Here’s a couple of paragraphs from the court’s opinion (PDF):

There are also, on pp 17, 18, 22, and 23, side-by-side images showing the illustrations from the Dr. Seuss works and from the ComicMix book. It’s not just a matter of copying the general style of illustration. “ComicMix’s ‘verbatim copying of the original’ weighs against fair use.” (p. 22)

That’s absolutely not true in the UK.

From there:

"In the UK you do not have to get the permission from people you photograph whilst they are in a public place. Using and selling images of people in a public place is usually acceptable if undertaken with a view to being used for any journalistic or artistic material.

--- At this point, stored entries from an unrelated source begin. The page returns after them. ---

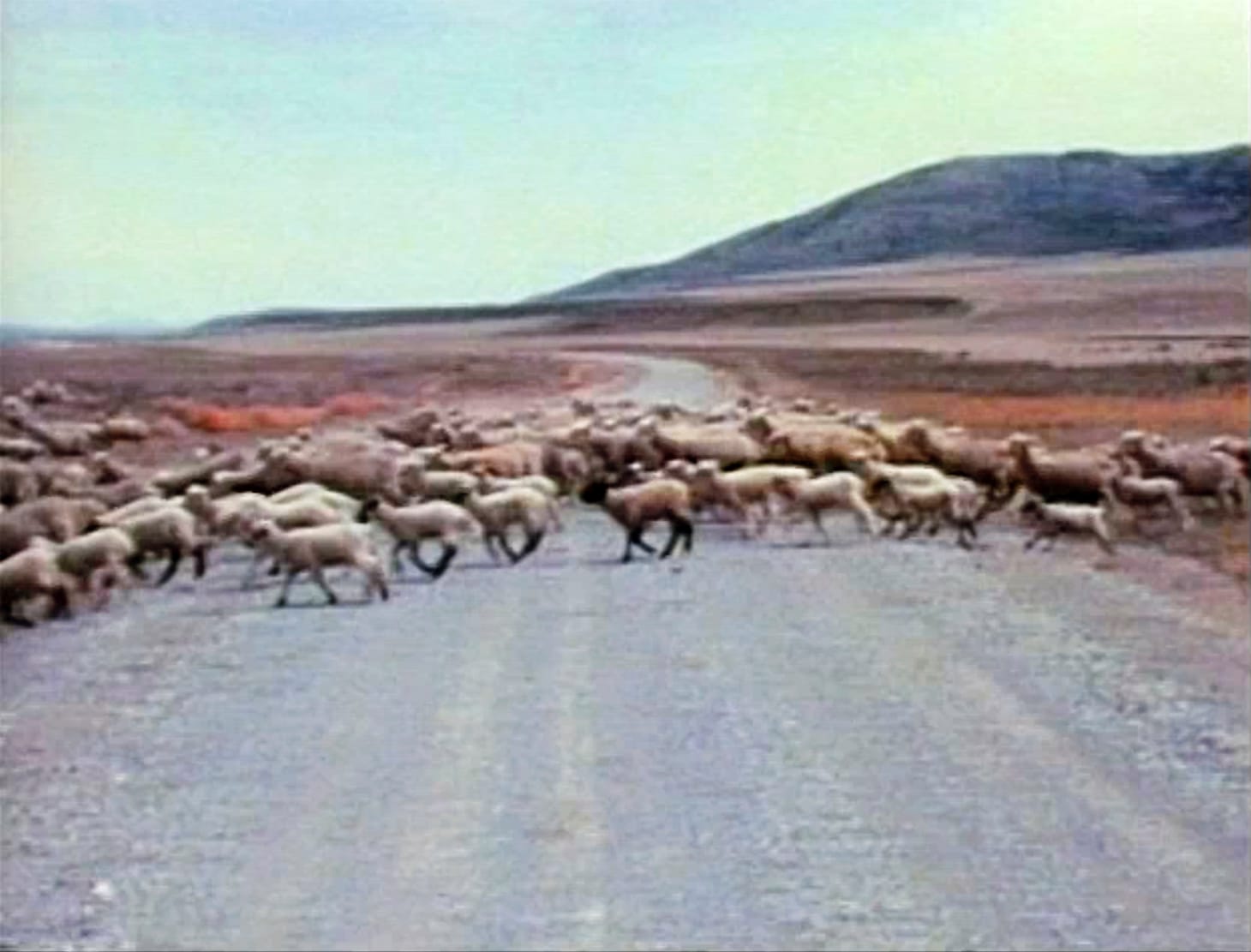 Holt’s practice consistently returns to translations of place, employing various optical devices. In this 10-minute silent montage, shot in 16mm color film, each segment trains on a minute aspect of Rozel Point. The focus on light as medium (which Holt returned to throughout her career) is immediately apparent. Objects glint and shine; the lake’s water undulates and glistens; salt sparkles on tumbleweed, rocks, and animal carcasses. All matter is treated equally on this lakebed known for its harsh conditions. Serene images give way to the frenzied progression of sheep. Cattle follow, vying for space among abandoned vehicles on the nearby road. Smithson and Gianfranco Gorgoni — hired to document Spiral Jetty during and after its completion — walk the narrow lane between the earthwork and nearby oil mining operations.
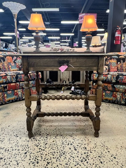 ANTIQUE Brown Wood Jacobean Occasional Table w/ Drawer
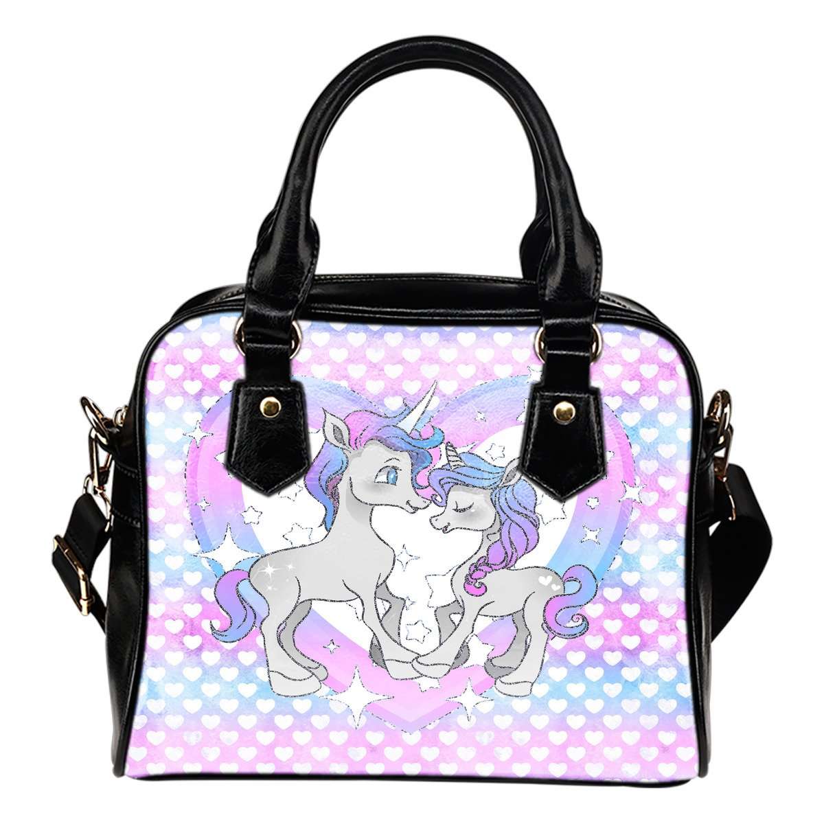 Unicorn Hombre Heart Theme Women Fashion Shoulder Handbag Black Vegan Faux Leather

However if you intend to sell the image commercially or use it for a commercial purpose (for example to promote a product) it is normally recommended to get people to sign a model release form - see below for more about why this is important."

Pretty much the same as US rules.

And:

"Taking photographs of a person in a public place would not normally be regarded as an invasion of privacy. The key seems to be whether the place is one where a person would have a reasonable expectation of privacy. So using a telephoto lens to take a photo of someone in a private place, such as their home, without their consent, is probably an invasion of privacy even though the photo is taken from a public place.

The lack of any coherent law of privacy in the UK means that photographers are not only free to take photographs of people in public places, but they can use those photos as they wish, including for commercial gain. In some countries, individuals have rights over the commercial use of their images, hence the importance of obtaining a model release for the use of an image that contains a recognisable person.

UK law does not, at present, recognise this right. But failure to obtain a model release will seriously impair the commercial use of an image because most photo libraries, stock agencies and the like have an international customer base and will not accept an image of a recognisable person without a release."

That cite also covers the data protection act and concludes that most street photography is excepted from it.

Other places in Europe might have stricter laws - they are not usually EU-wide laws. But you are definitely wrong about laws in this particular part of Europe.